Текст книги ""Люди, годы, жизнь" Книга III"
Автор книги: Илья Эренбург
Жанр:
Классическая проза
сообщить о нарушении
Текущая страница: 7 (всего у книги 37 страниц) [доступный отрывок для чтения: 14 страниц]
Мне хотелось понять, чем живут писатели, художники Франции. Я познакомился с Мак-Орланом, Дюамелем, Жюлем Роменом, с архитектором Корбюзье; бывал в редакции «Кларте» у Барбюса; увлекался кино, разговаривал с режиссерами Репе Клером, Гансом, Ренуаром, Федером, Эпштейном.
Грех назвать те годы бесплодными; поскольку я заговорил о кино, достаточно сказать, что в 1925 году я увидал «Золотую лихорадку» и «Пилигрима» Чаплина. Да и в шуме не было недостатка; то и дело рождались различные школы; громче всех кричали сюрреалисты. Но чего-то не хватало, может быть надежд, может быть тревоги. (Я подумал сейчас о судьбе многих людей, с которыми я встречался на Монпарнасе. Рене Кровель и Паскин кончили жизнь самоубийством, художника Федера гитлеровцы убили, Сутин погиб в годы оккупации, затравленный Деснос умер в «лагере смерти». Те годы тоже были канунами; но людям казалось, что на дворе серое будничное утро.)
Я больше не был ни затворником «Ротонды», ни фанатиком искусства. С утра до ночи я бродил по Парижу, забирался в кафе, где сидели биржевики, адвокаты, скототорговцы, приказчики, рабочие; разговаривал с людьми. Меня поражали механизация жизни, поспешность движений, световые рекламы, потоки машин. Конечно, автомобилей было во сто раз меньше, чем теперь, не было телевизоров, радиоприемники только входили в обиход, и по вечерам из раскрытых окон не вырывалась на улицы разноголосица волн. Но я чувствовал, что ритм жизни, ее настроенность меняются. Ночью на Эйфелевой башне сверкало имя «короля автомобилей» Ситроена. Электрические гномы карабкались по фасадам пепельных домов, пытаясь соблазнить даже луну аперитивом Дюбонне или кремом «Секрет вечной молодости».
Менялись окраины Парижа – исчезли крепостные валы, пустыри, лачуги. Строили первые дома в новом, индустриальном стиле. Я увидел конструктивизм не на картонах Родченко, а в действительности. Меня позвал к себе художник Озанфан; он жил в доме, построенном Корбюзье: свет, нагота, белизна больничной палаты или лаборатории.

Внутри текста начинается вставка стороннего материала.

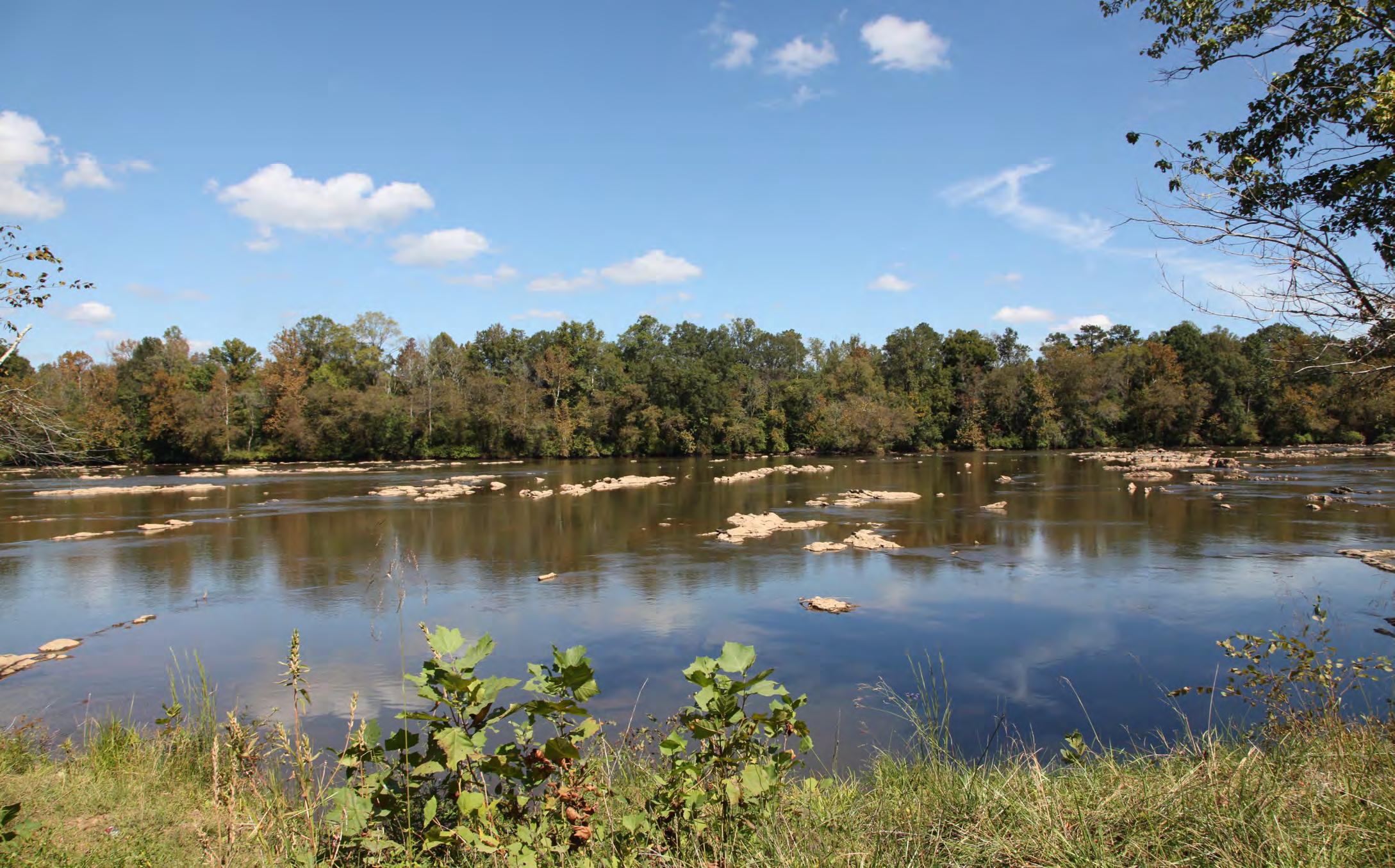 Bridge #12 is the Highway 29 bridge over the Broad River. The bridge features wide shoulder lanes that could be upgraded to accommodate the trail. Two alternate crossings are identified for the Broad River. The southernmost alternate crossing is located at Goat Island. The second alternate crossing is located at Cherokee Ford, the historic crossing of the Overmountain Men. Both crossings would require substantial bridges.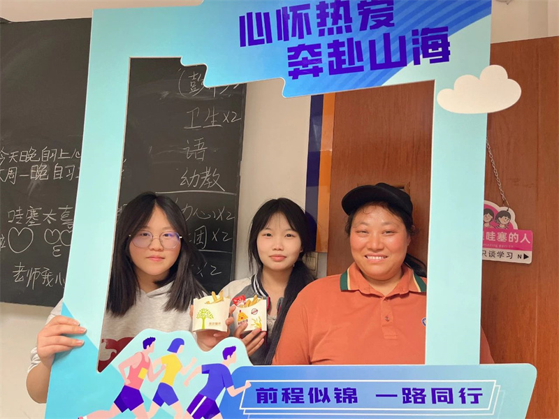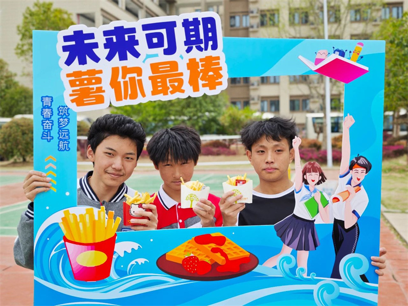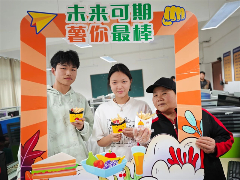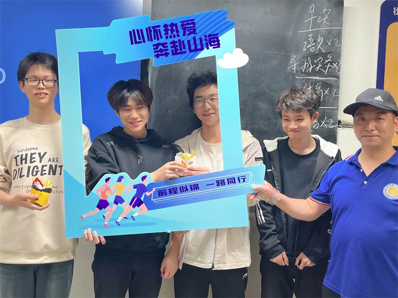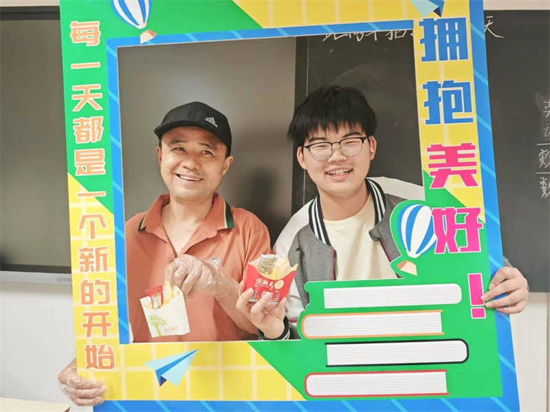 现场的拍照打卡环节,更是留下了许多动人瞬间。同学们与后勤员工一起,手持薯条和打卡相框,笑容灿烂。这些照片不仅定格了青春的美好,更成为同学们逐梦路上的珍贵回忆,激励他们“奋楫扬帆,破浪前行”。对于高三同学,高考、单招等大考在即,此次活动如同及时的鼓励,缓解备考压力,增强信心;对于高一高二同学,活动则像一盏明灯,引导他们在求知路上坚定前行,为未来积蓄力量。相信同学们带着这份温暖与力量,定能在各自的学习征程中书写辉煌。山再高,往上攀总能登顶;路再长,走下去总会到达。愿同学们在未来的日子里,以梦为马,不负韶华。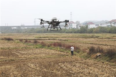 在江西省撫州市東鄉區鄧家鄉鄧家村,年輕的新農人陳艱華在操作農用無人機進行播種作業。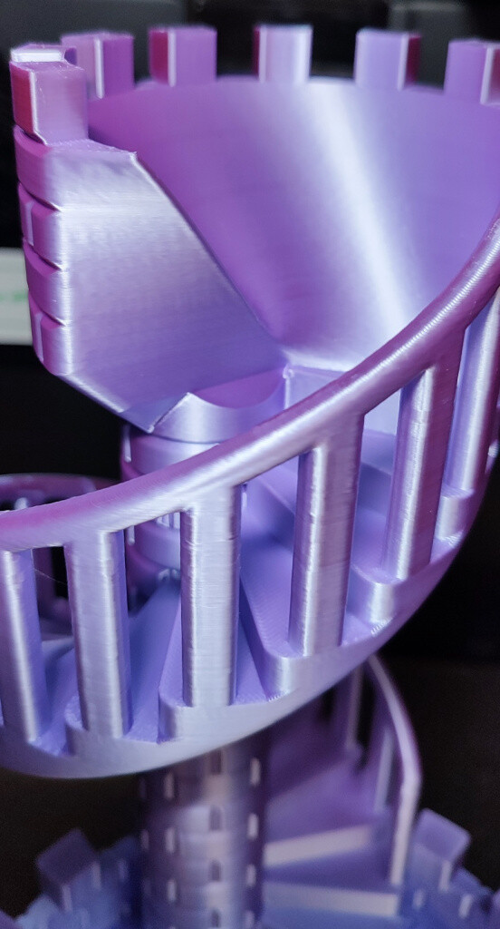 Следующий тест — долгая 3D-печать художественной модели из «шелкового» филамента PLA Silk во всю высоту рабочего объема. 3D-печать длилась девять часов при толщине слоев 0,2 мм. Хотя печатью из PLA уже никого не удивить, нам в первую очередь хотелось оценить качество на высоких скоростях, в том числе наличие артефактов на верхней части модели, зачастую появляющихся из-за вибраций столика при недостаточной жесткости. Результаты ниже показывают, что этот недостаток отсутствует, да и обдува модели без открытия дверцы оказалось вполне достаточно.

Я вспомнил конструкции Татлина, восторженных вхутемасовцев. То, да не то… Мы открывали Америку, конечно воображаемую. А давно открытая и вполне реальная Америка тем временем пришла в Европу – не с романтическими декларациями лефовцев, но с долларами, с черствым расчетом, с пылесосами и с механизацией человеческих чувств.
Политика мало кого интересовала: парижане не читали ни речей Бриана, ни сообщений о возрождении германской армии. Считалось, что люди, не поддающиеся шовинистической пропаганде, должны твердо верить в мир, и это всех устраивала: люди хотели мирно наслаждаться жизнью. Раскрывая газету, они искали в ней: кто – биржевой бюллетень, кто – отчет о матче футбола, кто – сводку погоды. Конь блед и другие звери Апокалипсиса уступили место «рено» и «ситроенам». В далекое прошлое отошли и окопы на Шмен-дю-Дам, и солдатские бунты, и демонстрации. До поздней ночи ревел джаз, и снобы восхищались синкопами. Женщины носили очень короткие платья, говорили, что обожают спорт. Появились дансинги, матчи бокса, туристические автобусы, пылесосы, кроссворды и множество других новшеств.

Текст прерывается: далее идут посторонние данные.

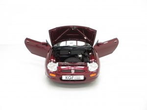 Only 2,000 MG 75th Limited Editions were made for the global market of which the UK market was allocated just 500, this UK example being number 1171. Registered on the 1st September 1999 and supplied by MG Main Dealers, Evans Halshaw of Macclesfield. A new car order form, sales invoice and handover form made out to first owner, Mrs Amelia Tester, confirms the price paid of £19,995. Clearly cherished by the four former keepers from new, the fully verified mileage covered is a mere 12,956 miles. The large history folder contains a comprehensive collection of receipts, invoices and previous MOT certificates leaving in no doubt the fastidious care this car has enjoyed. The original handbooks, instruction pamphlets and code tags are contained in the leather MG wallet along with the original service book with 10 stamped entries. The most recent documented cambelt and water pump change was carried out in 2016 at 10,854 miles. Two sets of keys with dealer fobs and a Limited-Edition Sales Pack including the rare sales brochure complete the history file. Previously sold by KGF Classic Cars who are thrilled again to offer this unspoiled, preserved and prized MGF with remarkably low mileage.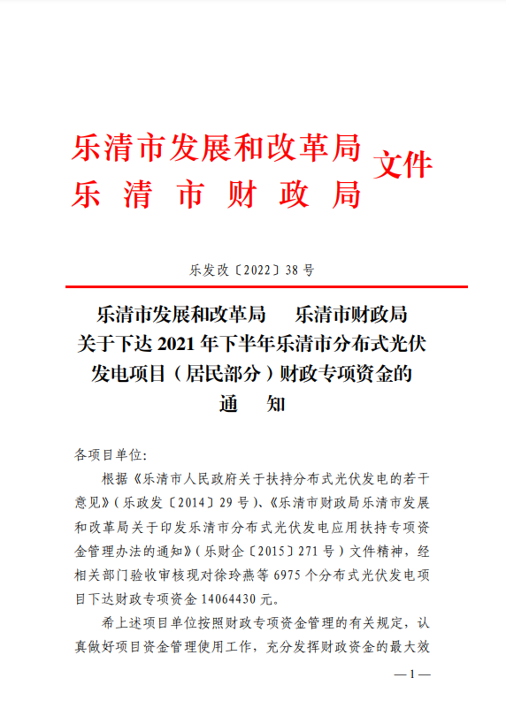 近日,浙江省樂清市發(fā)展和改革局發(fā)布《關(guān)于下達2021年下半年樂清市分布式光伏發(fā)電項目(居民部分)財政專項資金的通知》。詳情如下: 各項目單位: 根據(jù)《樂清市人民政府關(guān)于扶持分布式光伏發(fā)電的若干意見》(樂政發(fā)〔2014〕29號)、《樂清市財政局樂清市發(fā)展和改革局關(guān)于印發(fā)樂清市分布式光伏發(fā)電應(yīng)用扶持專項...

Вновь налаженная жизнь требовала экзотической приправы. Продавщицы универмагов и жены нотариусов зачитывались «Атлантидой» Пьера Бенуа. Для более изысканных дам имелись книги писателя-дипломата Поля Морана. Каждый год он выпускал в свет сборники рассказов: «Закрыто ночью», «Открыто ночью», «Галантная Европа»; он рассказывал, как переспал или не переспал с женщинами различных национальностей. Для парижанок, не желавших отстать от века, любовь казалась провинциальным анахронизмом, и вот любовники Поля Морана ее модернизировали, они и в кровати разговаривали как безупречные бизнесмены: «Вы теперь похожи на чек без покрытия», «Не живите на капитал ваших нервов»…
Все реже и реже можно было встретить классического буржуа, который продолжал жить на страницах «Красного перца», толстого и беззаботного, ленивого семьянина, стригущего купоны, или жуира, прогуливающегося по Бульварам. Его место занял делец, вдоволь энергичный, предпочитающий автомобильные гонки девушкам и фиалкам, склонный к авантюрам, к любой склизкой афере, по образованию инженер или экономист, хорошо знающий новые методы производства и мировые цены, борьбу трестов, подкупность министров, всю политическую кухню. Его сыновья презирали романтику старого студенчества– слезы пьяного Верлена, скептицизм Анатоля Франса, анархические фразы; они занимались гимнастикой, уважали сильных; многие из них девять лет спустя, в ночь фашистского путча, резали бритвами ноги полицейских лошадей.
Хотя американские солдаты давно уехали домой, все приходившее из Нового Света было в почете. Джаз заменил чахоточных скрипачей и лихих аккордеонистов. В дансингах ввели «такси-герлс» – девушек, которые за положенную плату танцевали с клиентами. Снобы, еще недавно участвовавшие в потасовках на премьере дягилевского балета или на вернисаже «Салона независимых», теперь неистово вопили на матчах: «Браво, Джо!..» Писатели принялись сочинять спортивные романы: героями были боксеры, футболисты, велосипедисты.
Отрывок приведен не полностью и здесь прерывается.